Red Sea Route Changes: Higher Costs, More Delays

toy train set
Updated Published

LOS ANGELES, Dec 28 (Reuters) - Basic Fun, a toy manufacturing company, is swiftly altering its shipping strategies for products like Tonka trucks and Care Bears, destined for Walmart and other retailers, to avoid the Suez Canal in response to recent militant assaults in the Red Sea.

Major suppliers for global retailers such as IKEA, Home Depot, and Amazon are similarly adjusting their shipping routes, marking the most significant disruption since the COVID-19 pandemic affected global supply chains, as noted by logistics industry insiders.

Basic Fun, headquartered in Florida, typically transports toys from Chinese factories to Europe through the Suez Canal, the most direct route for such shipments, stated CEO Jay Foreman during a phone interview from his Hong Kong office.

This route, crucial for about a third of the world's container ship cargo, faces detours around Africa's southern tip, potentially adding up to $1 million in extra fuel costs per round trip between Asia and Northern Europe.

Shift in Shipping Strategies Due to Red Sea Security Concerns

The drone and missile strikes by Yemeni Houthis in the Red Sea, expressing solidarity with the Palestinian group Hamas in its conflict with Israel in Gaza, have disrupted Basic Fun's shipping plans.

The company is now actively rerouting China-origin shipments to UK and Rotterdam ports through lengthier routes during the holiday season.

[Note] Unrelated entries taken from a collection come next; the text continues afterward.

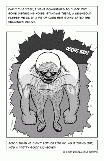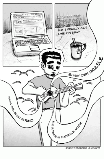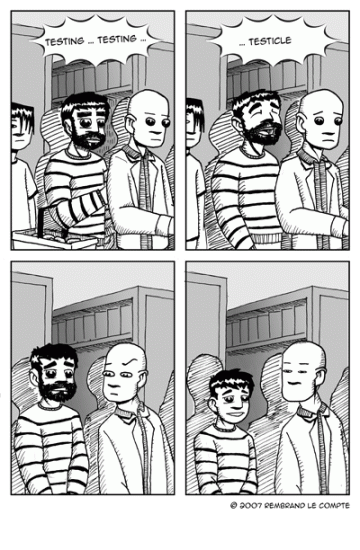 Waiting in line at the checkout, it’s boring as hell. Until someone gets a hold of the microphone. Instant fun! I loved the idea for this comic, but I’m afraid the setting doesn’t come across very clearly. Oh well, draw and learn, right?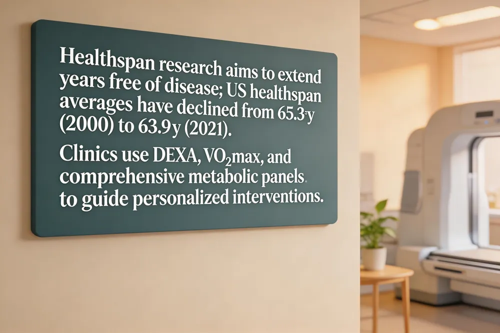 Healthspan USA In the United States, healthspan is the number of years lived in good health, free from significant chronic disease or disability. Data show the average healthspan for U.S. adults fell from 65.3 years in 2000 to about 63.9 years in 2021, exposing a gap between increasing life expectancy and declining healthy years. Extending healthspan involves addressing hallmarks of aging through personalized protocols, regular biomarker monitoring, and lifestyle coaching—services offered by clinics such as the Medical Institute of Healthy Aging.
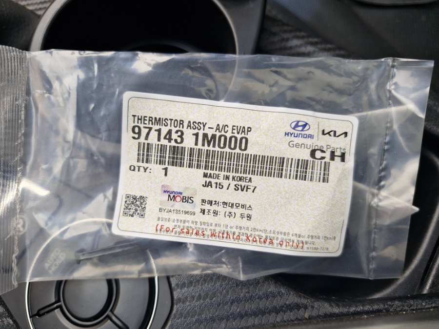 다름 아닌 에어컨 핀 센서 교체. 정식 명칭은 "이베퍼레이터 (온도) 센서"이다. 센서 모양이 기다란 핀 모양처럼 생겼다고 해서 그냥 현장에서 핀 센서라고 주로 불리운다.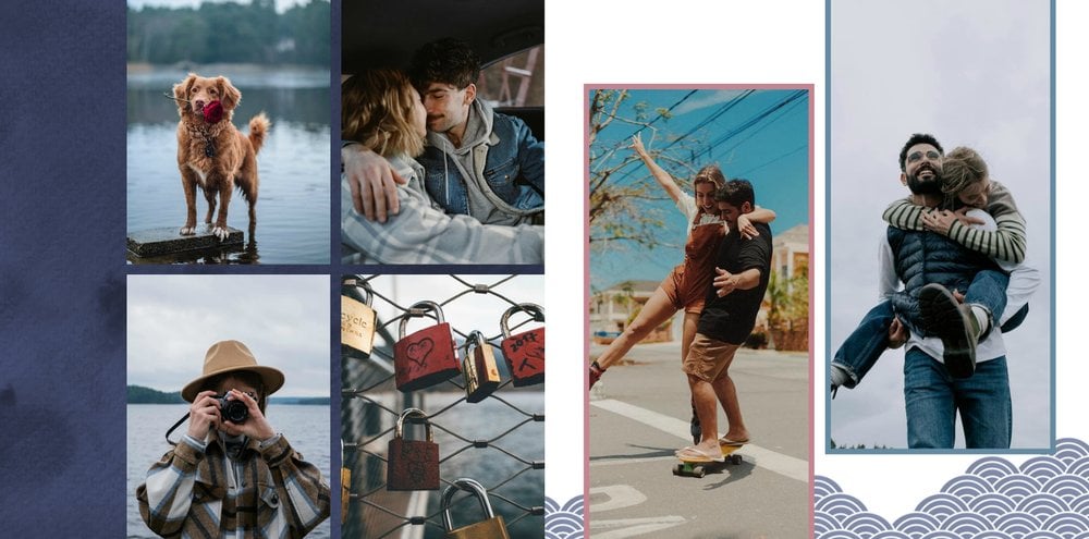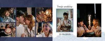 Z pomocą fotoksiążki "Prezent na rocznicę związku" wyrazisz swoje uczucia oraz na zawsze utrwalisz Wasze najpiękniejsze wspomnienia. Główny motyw kolorystyczny to ciemne, granatowe odcienie połączone z delikatną złamaną bielą i szarością. Szablon uzupełniają również pastelowe kolory dodane jako akcenty. Tak dobrana paleta kolorystyczna idealnie łączy się z marzycielskimi wzorami, dodając całości romantyczny wygląd.
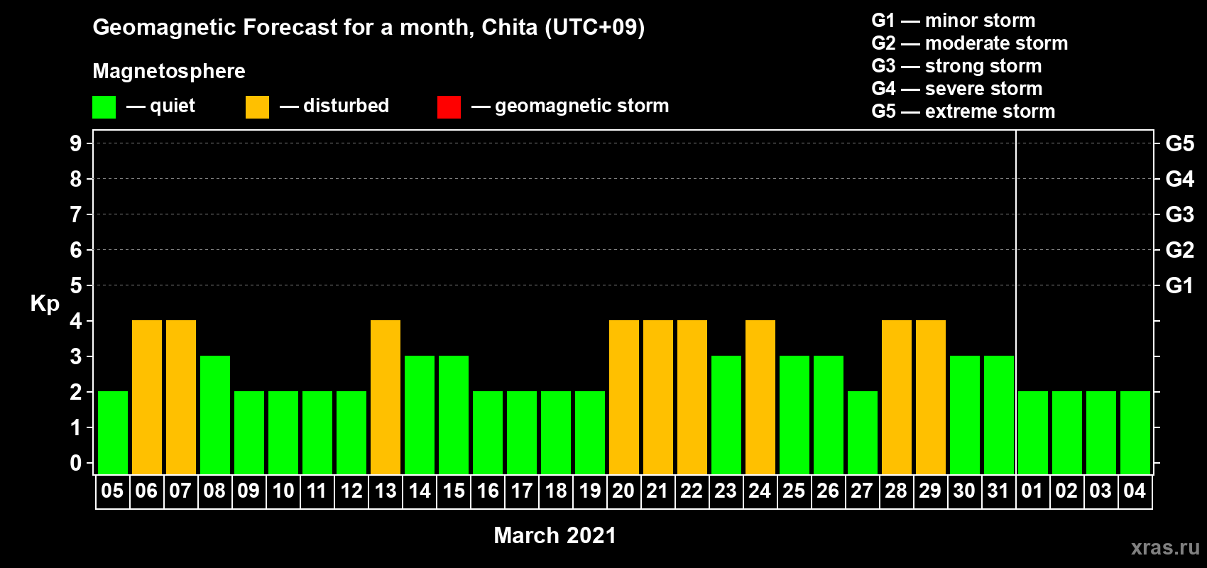 Geomagnetic storm forecast in Chita for Mar 05, 2021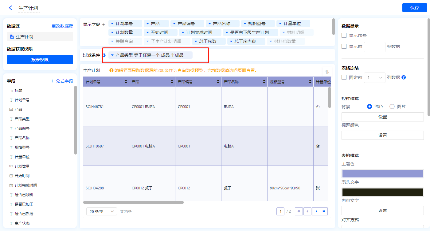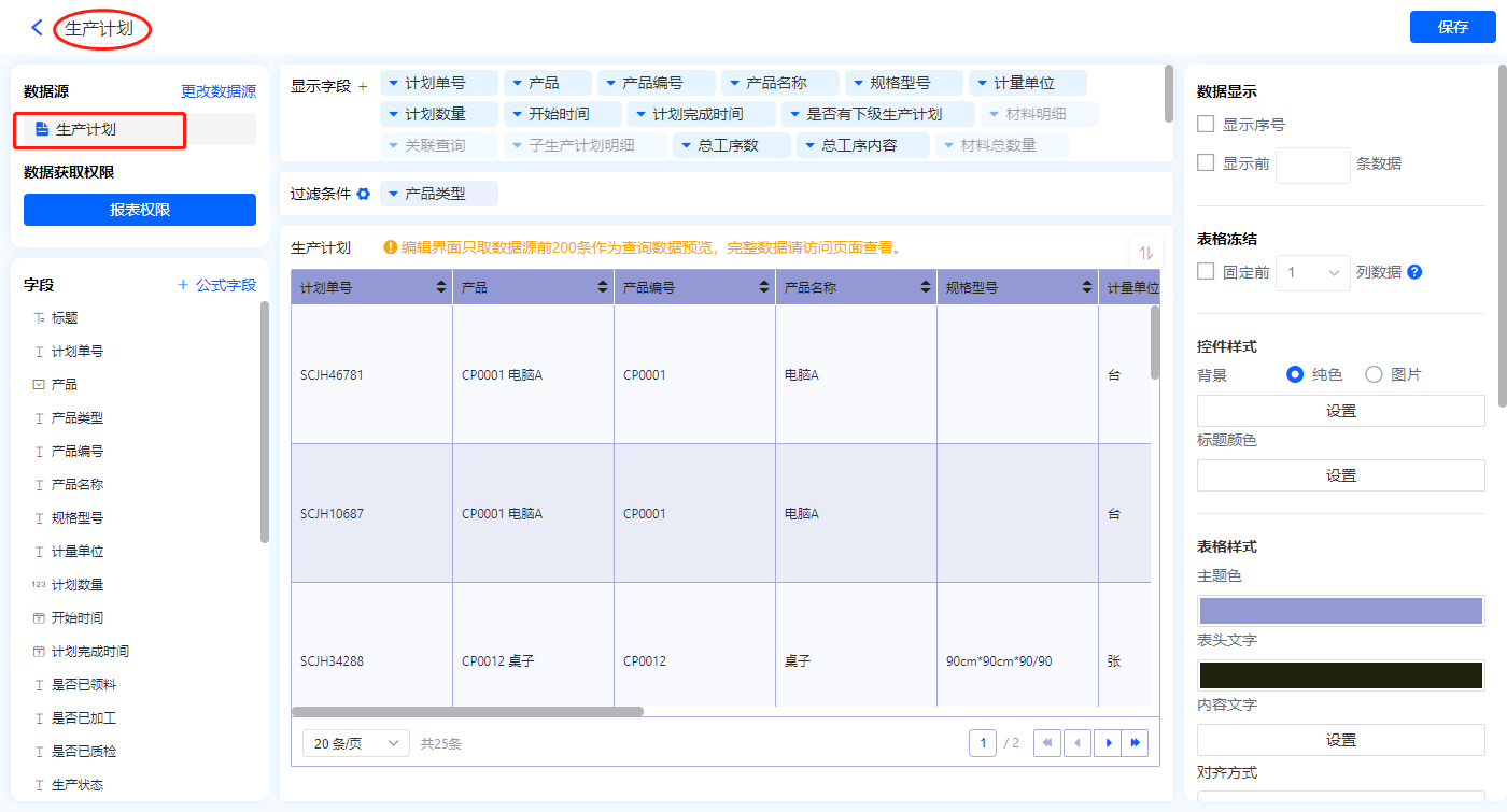 1)新增【主生产计划列表】报表,用基础报表【数据表】展示数据源为表单【生产计划】的数据;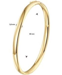 14k Geelgouden bangle uitgevoerd met een scharnier. De bangle heeft een breedte van 5mm en een binnendiameter van 60mm.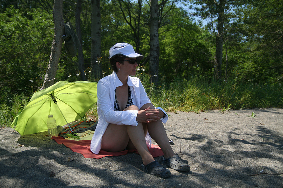 we used the low-hanging branches as hooks for our clothes. julie brought a towel to sit on while i just sat in the sand. she shared some fig newtons with me before we went back into the water again. we rested back under the shade. the only nuisance were biting black flies, impossible to hit, incredibly persistent, and seemingly immune to bug repellent.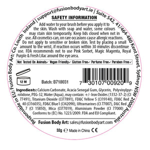 Each 32 gm Fusion Body Art Face Paint Cake is good for 50-200 applications.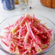 红心萝卜、白醋、白糖、盐、熟芝麻、香油。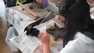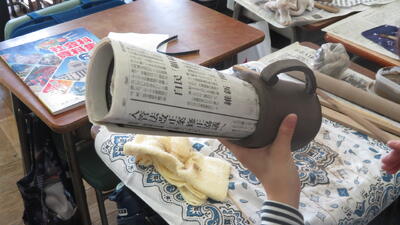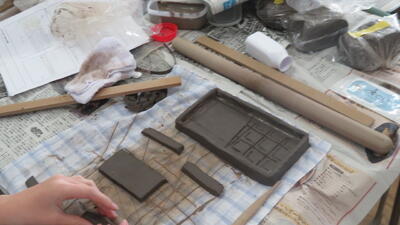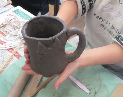 お皿、コップ、置物など各々が考えたものを制作していました。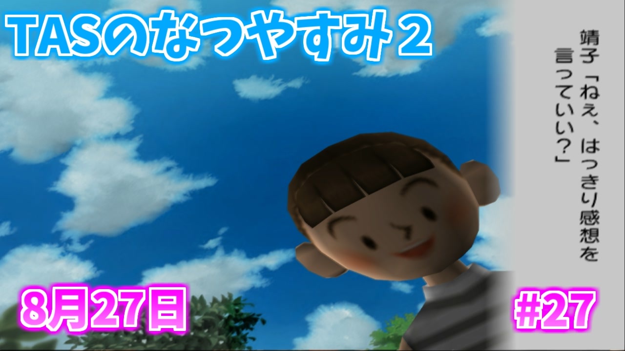 そろそろ終活だなぁ<br>ぼくのなつやすみ2<br>ツールアシストされながら攻略するだけ動画です<br>8月27日<br />動画に「いいね!」「マイリスト登録」よろしくお願いします。<br><br>・おすすめ<br>[TAS]Grand Theft Auto 3 Part1→<a href="https://www.nicovideo.jp/watch/sm14718961" class="watch">sm14718961</a><br>[TAS]MaxPayne デッドターゲット Part1→<a href="https://www.nicovideo.jp/watch/sm15093299" class="watch">sm15093299</a><br>[TAS]michigan Part1→<a href="https://www.nicovideo.jp/watch/sm18393230" class="watch">sm18393230</a><br><br>サポート頂けると励みになります<br>魔界塔士のサポーターになる→<a href="https://creator-support.nicovideo.jp/registration/15153622" target="_blank" rel="noopener nofollow">https://creator-support.nicovideo.jp/registration/15153622</a><br><br>TAS動画まとめ→<a href="https://koeiprogenitor.com/tas/matome/" target="_blank" rel="noopener nofollow">https://koeiprogenitor.com/tas/matome/</a><br>つべ→<a href="https://www.youtube.com/user/koeiprogenitor1/" target="_blank" rel="noopener nofollow">https://www.youtube.com/user/koeiprogenitor1/</a><br>インスタ→<a href="https://www.instagram.com/makaitoshi" target="_blank" rel="noopener nofollow">https://www.instagram.com/makaitoshi</a><br><br>本編→シリーズ一覧見てね<br>

Additionally, Basic Fun is redirecting some East Coast-bound shipments from the Suez to the Panama Canal, which is currently experiencing drought, and rerouting others to the U.S. West Coast across the Pacific.

"It’s just going to take longer and it’s going to cost more”,f Foreman mentioned, noting that freight rates from China to the UK have more than doubled to approximately $4,400 per container since the conflict began in October.

As the situation in the Suez Canal evolves, shipping companies like Maersk and CMA CGM are planning to resume Red Sea voyages with military escorts.

Michael Aldwell, Executive Vice President of Sea Logistics at Switzerland's Kuehne + Nagel, anticipates the biggest impact in the coming six weeks. He highlighted that rapidly adjusting global shipping logistics is challenging, predicting a shortage of vessel space, misplaced empty containers critical for China's exports, and a significant rise in short-term transport prices.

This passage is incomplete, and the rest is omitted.